Next, working from the white-box steps and the Operation Realizations, the Subsystem Operations are
identified and their behavior specified. As with the identification of system operations, there might
not be a unique subsystem operation for each white-box step; that is, as you examine the set of
white-box steps and their associated exchange of messages, input-output entities, and so forth., you might
find that it is possible to define a smaller set of Subsystem Operations to fulfill their needs.
Note that the survey table can also be resorted by locality or by process, thus showing the association of
a set of Subsystem Operations with each locality or with each process. The locality sort gives an
indication of the computing load at a locality (and so is useful for reasoning about the capacity of the
physical components that support the locality). In this form, the survey sorted by locality becomes a
property of the Deployment Model.
When a Subsystem Operation is hosted at multiple localities, this indicates that at least part of the
subsystem is replicated. There is no implication that these replicated portions necessarily share
data or are kept in synchronization. These are design choices which depend on the application and reason
for replication; for example, the processing required might be identical, but occur for a different
business segment. In the extreme, all of a subsystem's operations can be hosted at multiple localities,
meaning that, effectively, the subsystem itself is replicated. The need to identify replicated instances
uniquely also depends on the reasons for replication.
The process sort allows the Designer to reason about concurrency issues: if you were to view a Subsystem
Operation as a discrete piece of functionality available to actors, then, as a first approximation,
operations associated with the same process cannot be performed in parallel.

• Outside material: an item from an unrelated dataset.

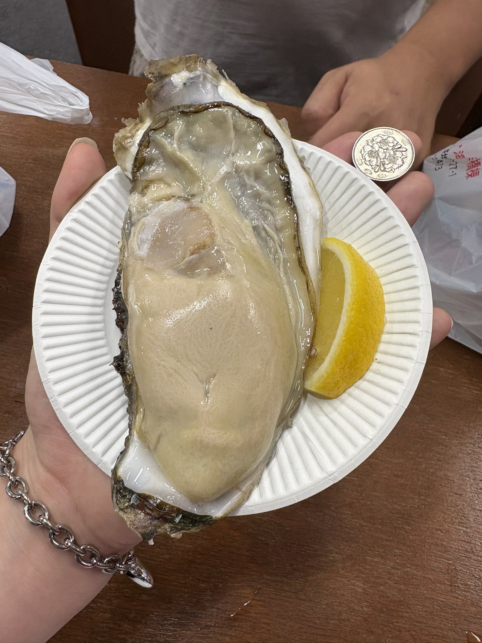 @kaoripomupomu 初めてみるサイズの牡蠣~🥰

This might lead the Designer
to reconsider the process allocation, or consider process replication, or to examine the perceived latency
problem at a lower level of detail, for example, through examination of time-slicing options, and process
sharing when an operation blocks (to do input-output, for example). These techniques can give acceptable
responsiveness, whereas a delaying of the start of an operation (strictly serializing operations) might be
intolerable. In this form, the survey sorted by process becomes a property of the Design Model.